鮮血が舞う。しかしすぐ様、それはミラの口の中へと吸い込まれていく。

「ああ、美味しい……っ!これが、光の子の味なのね?んん、なんて甘美なのかしら。うふ、うふふ。もっと早くにこうしておけばよかったわ!!そこの、小蝿ちゃん!あんたは次よ。大人しく待っていなさいな」

 ごくりと喉を鳴らしながら血を含み、ミラの視線はオリヴィエに向かっていた。

 ここで逃げるという考えはない。オリヴィエは短剣を握り、ミラの前に躍り出た。

 

 同時刻。

 アーサーは必死に駆けながら冷静さを失っていた。旧神殿に向かうには、公爵邸を通過しなければならず、何も知らない門番たちは狼狽え、アーサーを止めようとする。

「緊急事態だ!そこを退け!」

 そうはいっても、門番たちも訳もわからず通すわけにはいかない。公爵邸で何やら騒ぎになっているようだが、外門までは、まだ情報が入ってきていないのだ。

「邪魔をすれば切る!そこを退け!オリヴィエの危機なんだ!」

 オリヴィエの危機。そう、冷静でいられるわけがないのだ。

 早く。早くいかなければ。

「そういえば2時間ほど前にオリヴィエ・キーヴァ伯が訪れてきていたな」と門番の1人が呟き、公爵邸の騒ぎと何か関係があるのだろうか、と訝しむ。

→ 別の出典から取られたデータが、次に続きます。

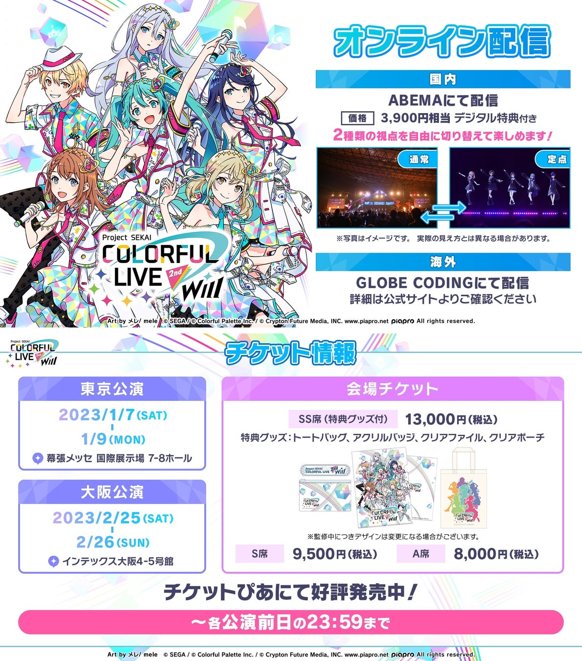 それぞれ、詳細は「プロジェクトセカイ COLORFUL LIVE 2nd- Will -」公式サイト(https://pjsekai.sega.jp/colorfullive/2nd-will/index.html)および、公式Twitter(https://twitter.com/pjsekai_live)でご確認ください。
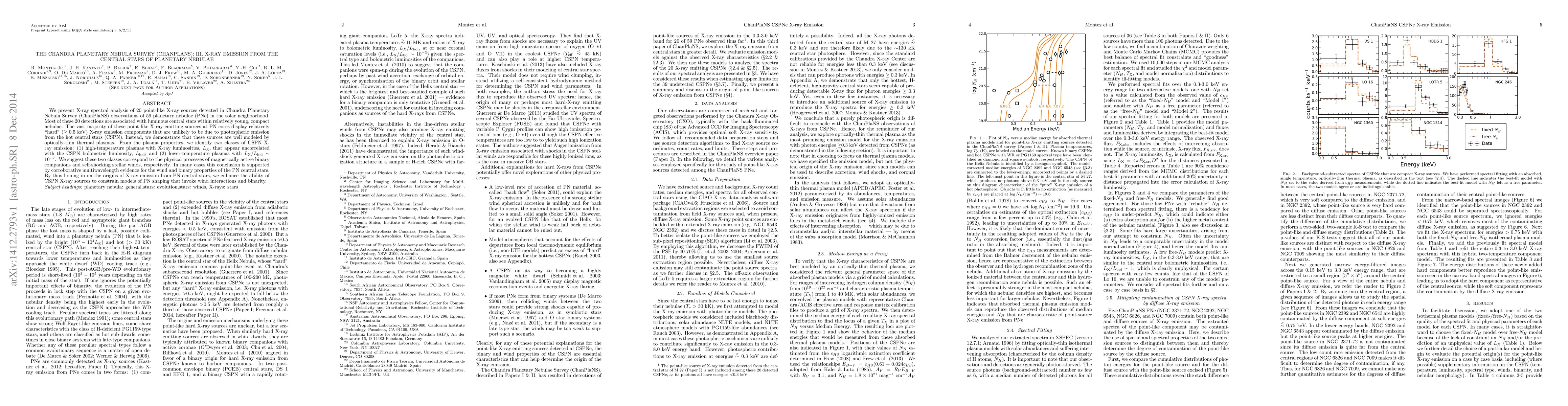 This paper analyzes X-ray emissions from central stars of planetary nebulae (CSPN) using Chandra data, identifying two classes of X-ray sources based on plasma properties. The findings suggest that the X-ray emissions are likely due to magnetically active binary companions or self-shocking stellar winds, providing insights into the physical processes shaping planetary nebulae.
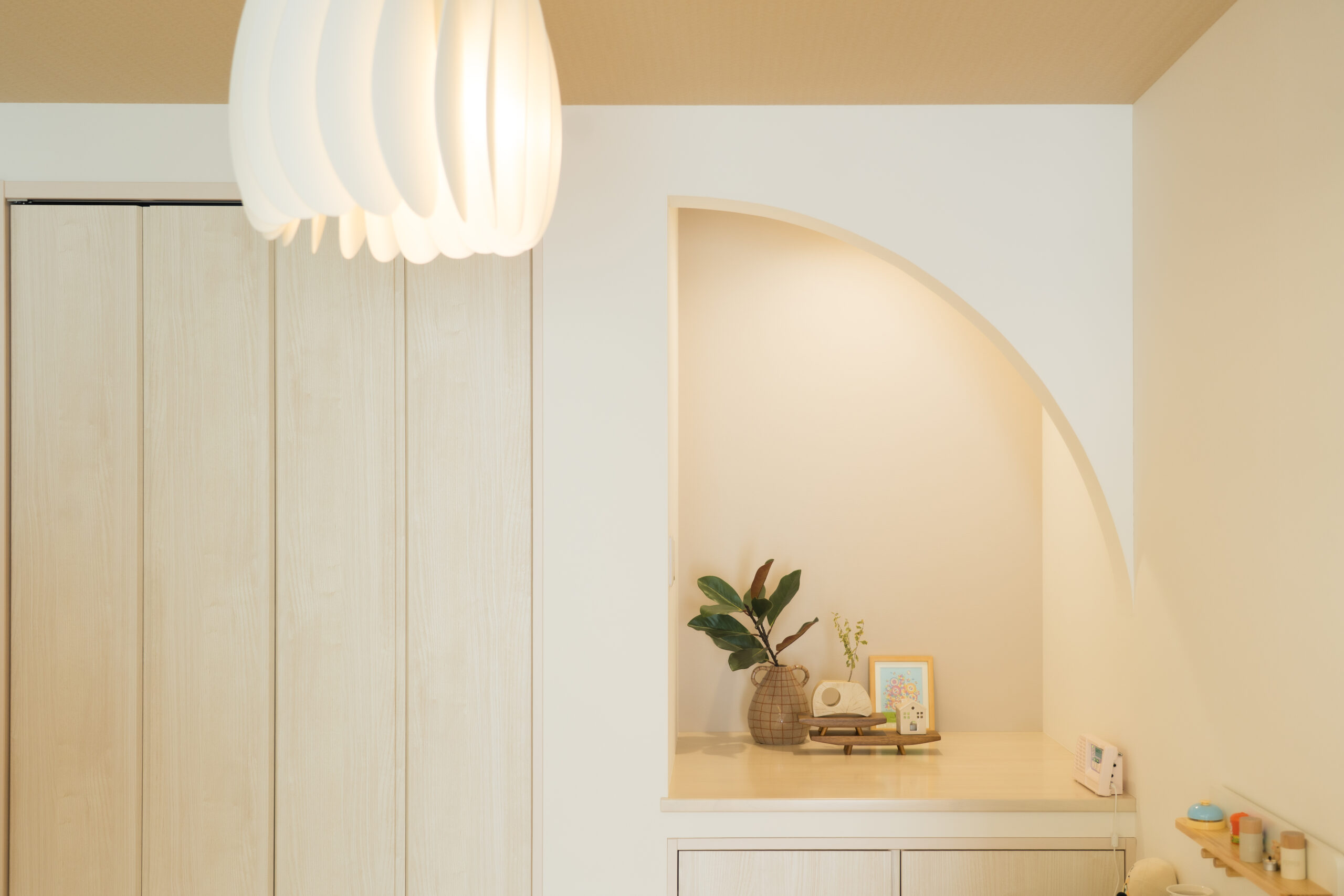 やわらかな曲線が印象的なアーチ状の床の間を設けた和室空間。季節の飾りや小物を楽しめる、落ち着きのある雰囲気に仕上がっています。隣には収納も備え、使い勝手にも配慮されたすっきりとした空間です。
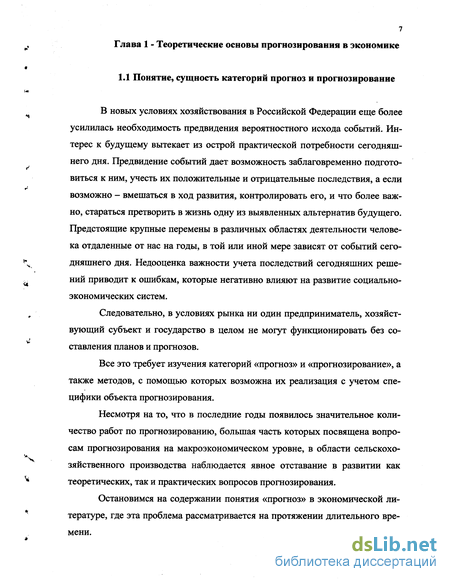 Глава 1 Теоретические основы прогнозирования в экономике 7

「おい、わかっているのか!私を通さねば、帝国軍が攻めてくるぞ!それでもいいのか!」

 殺気立つ顔でそのようなことを言われれば、門番たちは狼狽た。なにしろ帝国の皇子殿下だ。緊急の用らしいし、通さなければ後でお咎めを食らう可能性もある。脅しではない、と感じ取った2人の門番は恐る恐るアーサーに道を開けた。

「恩にきる!」

 こうして、アーサーに切り刻まれることなく、門番たちは生き延びたのだが、その後で大公が惨殺されたと聞いて、紙のように顔色を白くした事は言うまでもない。


「頼む、オリヴィエ……!1人で危険な事はしないでくれよ…っ」

 焦るアーサーの言葉は、森の中へ吸い込まれていった。